[How to complete this task]: In the records below, find the line with "- Accédez à" and repeat it and every line after it, exactly, without any pictures.

[Opening Data section]

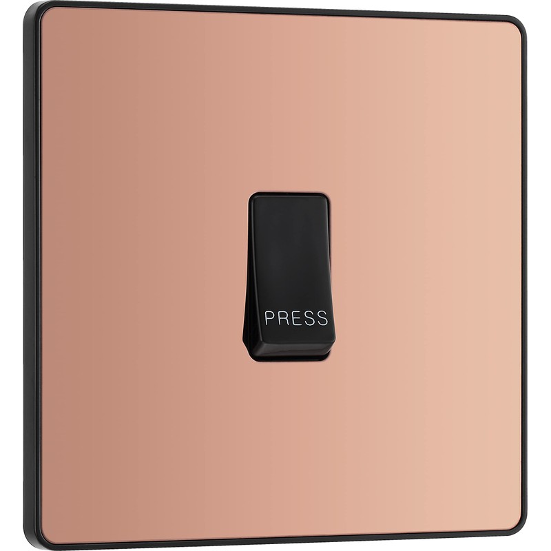 BG Electrical Single Retractive Press Switch, Screwless Front Plate, Round Edges, 1 Way, Evolve, Polished Copper, 10A, PCDCP14B
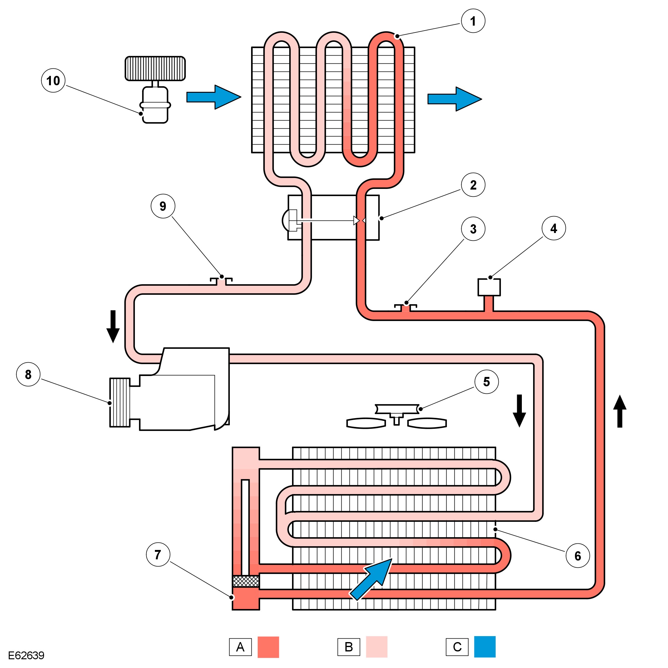 A = Refrigerant liquid; B = Refrigerant vapor; C = Air flow
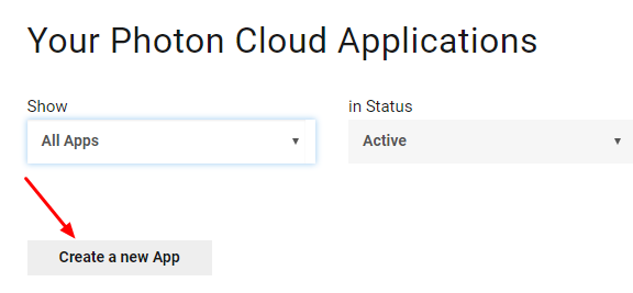 - Accédez à la page Applications en cliquant sur l'icône de profil puis "Your Applications" ou suivez ce lien: https://dashboard.photonengine.com/en-US/PublicCloud
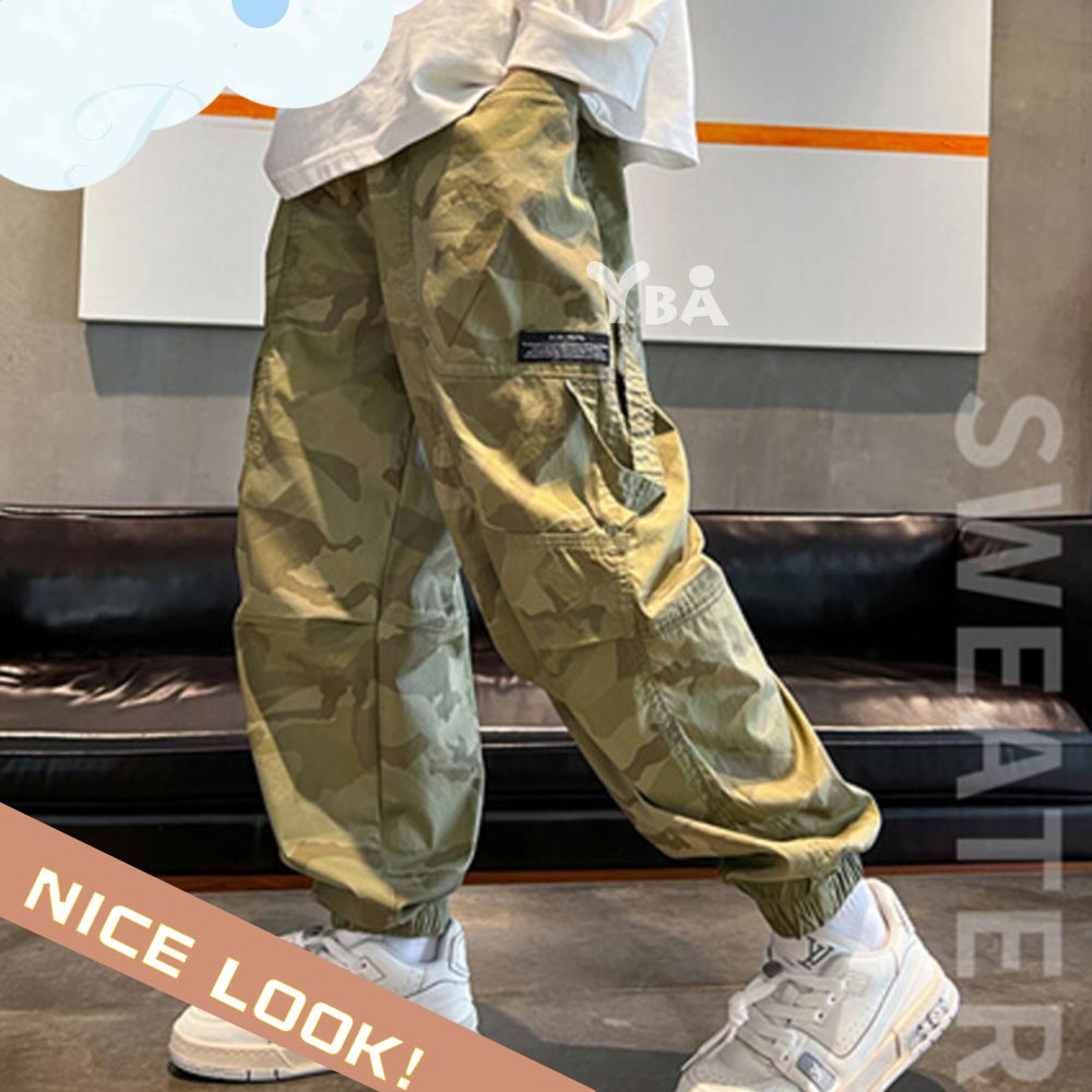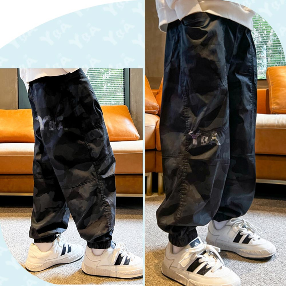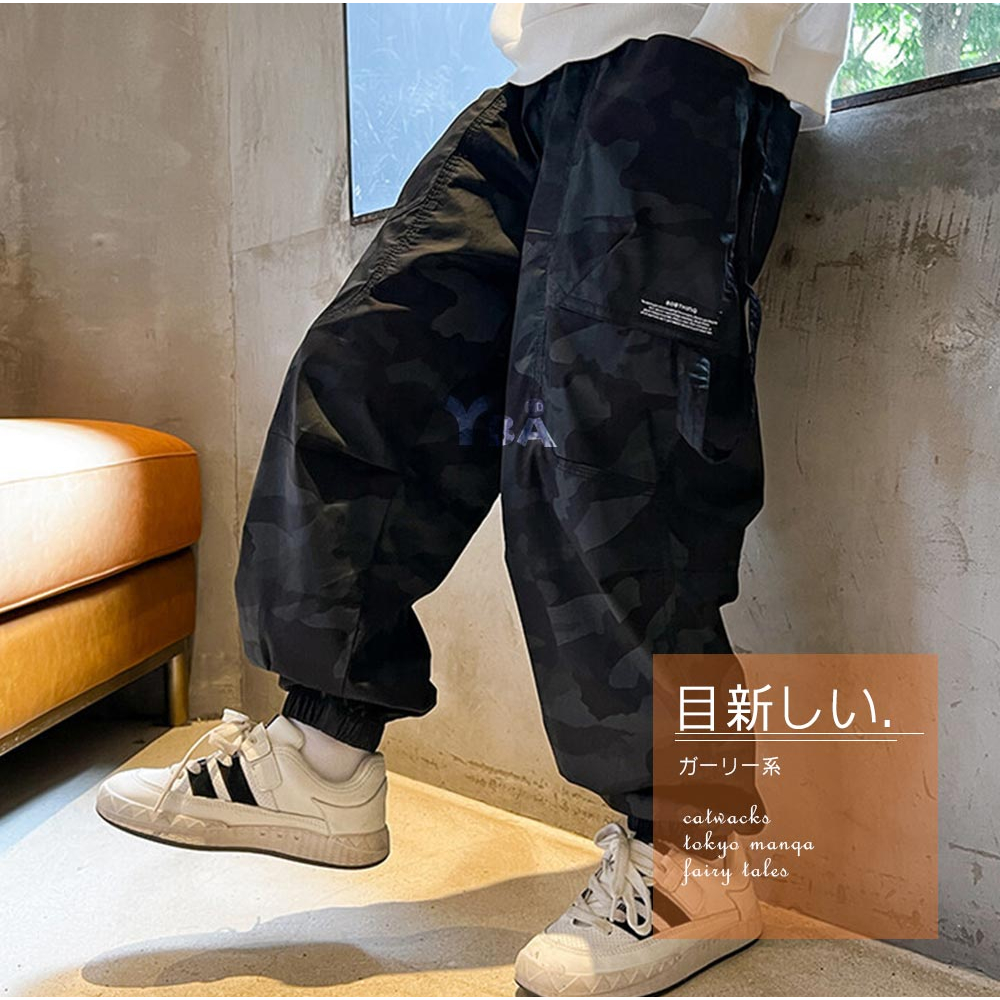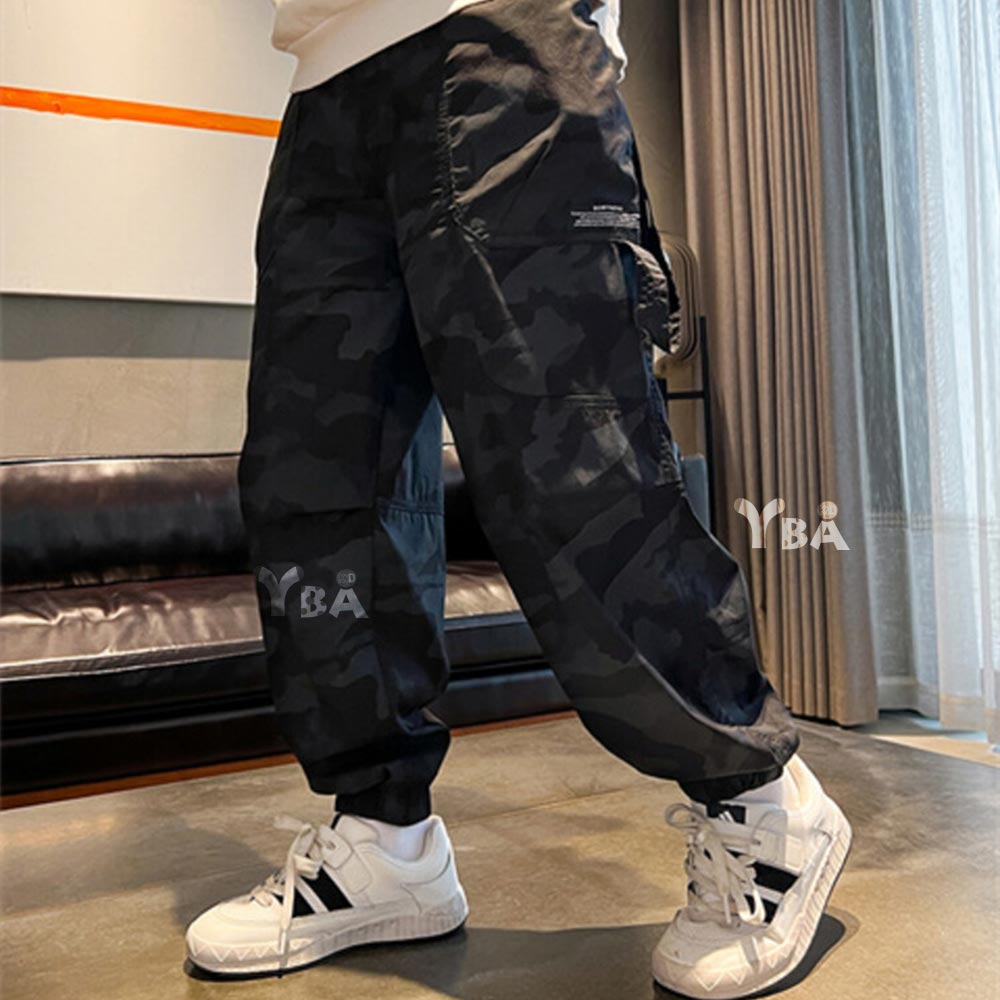 【YBA童裝】日系男孩工裝迷彩鬆緊褲腳休閒長褲(黑/綠)08/22【K64079】[預購]
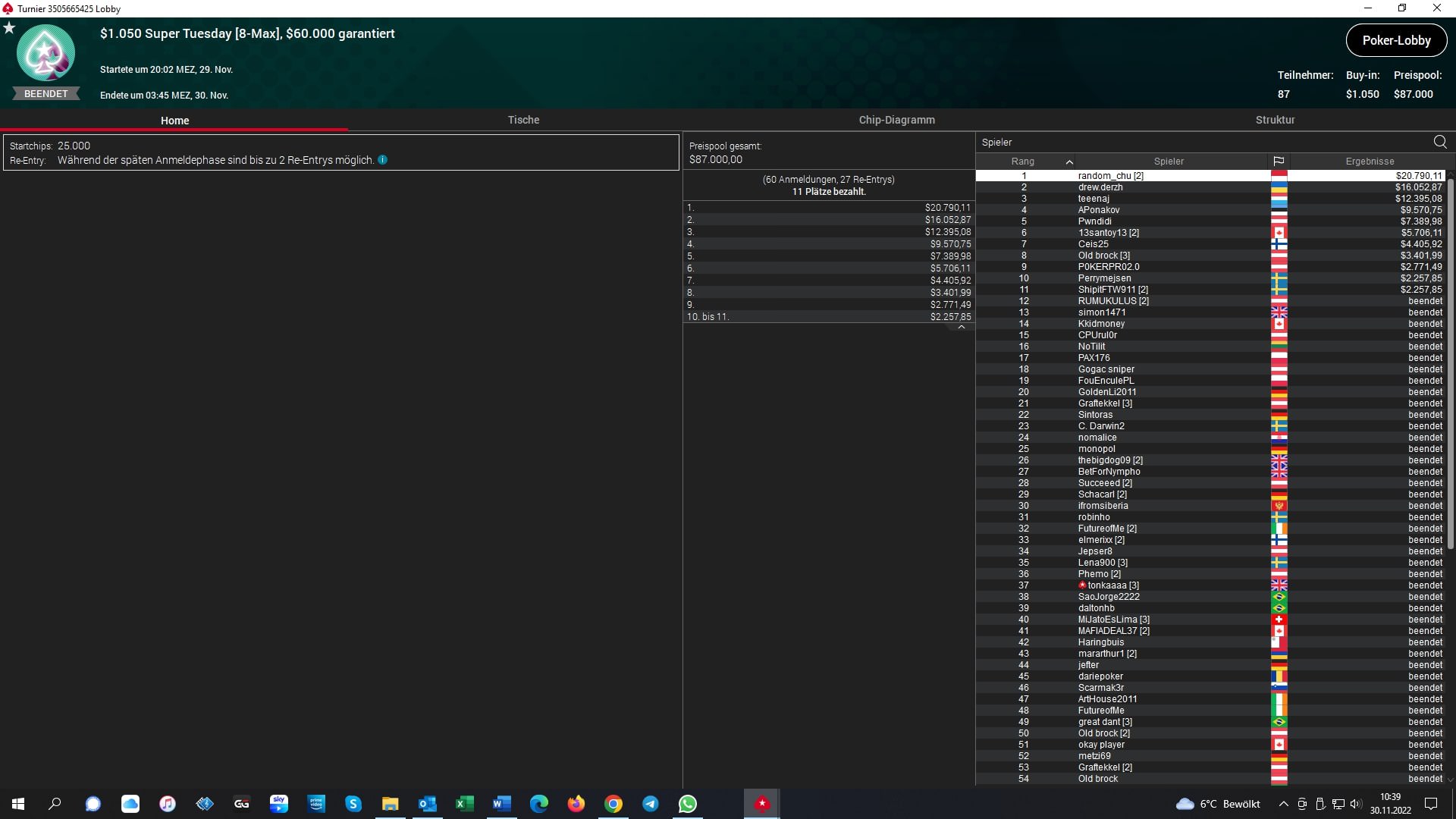 Am Dienstag war das $1.050 Super Tuesday Event mit 87 Entries und $87.000 Preispool das größte Turnier bei den High Rollern. Hier schnappte sich Steven „random_chu“ Chew (POL) den Titel und $20.790.

[Closing Data section]

[Exercise result]:
 - Accédez à la page Applications en cliquant sur l'icône de profil puis "Your Applications" ou suivez ce lien: https://dashboard.photonengine.com/en-US/PublicCloud
 【YBA童裝】日系男孩工裝迷彩鬆緊褲腳休閒長褲(黑/綠)08/22【K64079】[預購]
 Am Dienstag war das $1.050 Super Tuesday Event mit 87 Entries und $87.000 Preispool das größte Turnier bei den High Rollern. Hier schnappte sich Steven „random_chu“ Chew (POL) den Titel und $20.790.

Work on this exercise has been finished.